Boasting a shadowy if substantial fan base that calls itself The Echelon, and their own motto (Provehito in Altum, which is said to mean “launch forth into the deep”), the group could almost be the product of a screenwriter’s pen, rather than a living, breathing rock band. They also seem to enjoy the kind of privileges that would be the stuff of fantasy for most acts. Love Lust Faith & Dreams was recorded in Europe, India and California, its first single Up in the Air was premiered in orbit 370 kilometres above Earth with the help of Nasa, and its cover art reproduces a work from Damien Hirst’s Spot Paintings series.

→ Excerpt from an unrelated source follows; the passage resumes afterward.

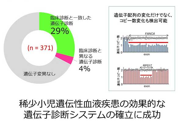 そこで本研究グループは、次世代シーケンサーという新たな機器を用いて、小児遺伝性血液疾患の原因となる100以上の遺伝子を一度に解析が可能となる、遺伝子診断システムを構築しました。実際の患者の検体を用いて検討を行ったところ、解析した371人のうち、33%に当たる121人の患者の遺伝子診断を確定できました。また、遺伝子診断が得られた患者の約1割では、主治医が考えた診断(臨床診断)と遺伝子診断が一致しないことが明らかとなり、この検査が小児遺伝性血液疾患の正確な診断に貢献する可能性が示されました。

It’s disappointing, then, that the trio’s fourth album is the kind of portentous, woolly-thinking affair that gives concept albums a bad name.
It’s split into four different sections, and a female voice with all the charisma of an electronic call-queue recording announces each of its titular headings in turn. Beneath the garish, showy arrangements, there’s very little of substance, lyrically speaking. “Bright lights / big city / she dreams of love”, sings Leto at one point. He’s hardly stretching himself there.
Though songs such as Conquistador and The Race seem to aim for the kind of futuristic, neo-prog splendour of Matt Bellamy’s band Muse, they actually sound a tad dated, and this is unfortunate for a band whose moniker is reportedly a metaphor for the exponential growth of technology. Up in the Air, meanwhile, seems uncertain whether it wants to be an emo-rock stadium-filler or a Christina Aguilera-esque floor-filler, and is horribly, irredeemably, overwrought.
To be fair, Leto can certainly sing and his elder brother Shannon can drum, but the only decent melody here comes when the album closes with a musical box playing a snatch of Tchaikovsky’s Swan Lake.
If you’re going to make a good concept album you have to have something to say, but Love Lust Faith & Dreams has nothing to say and an awkward way of saying it. The musical equivalent of a straight-to-video dud.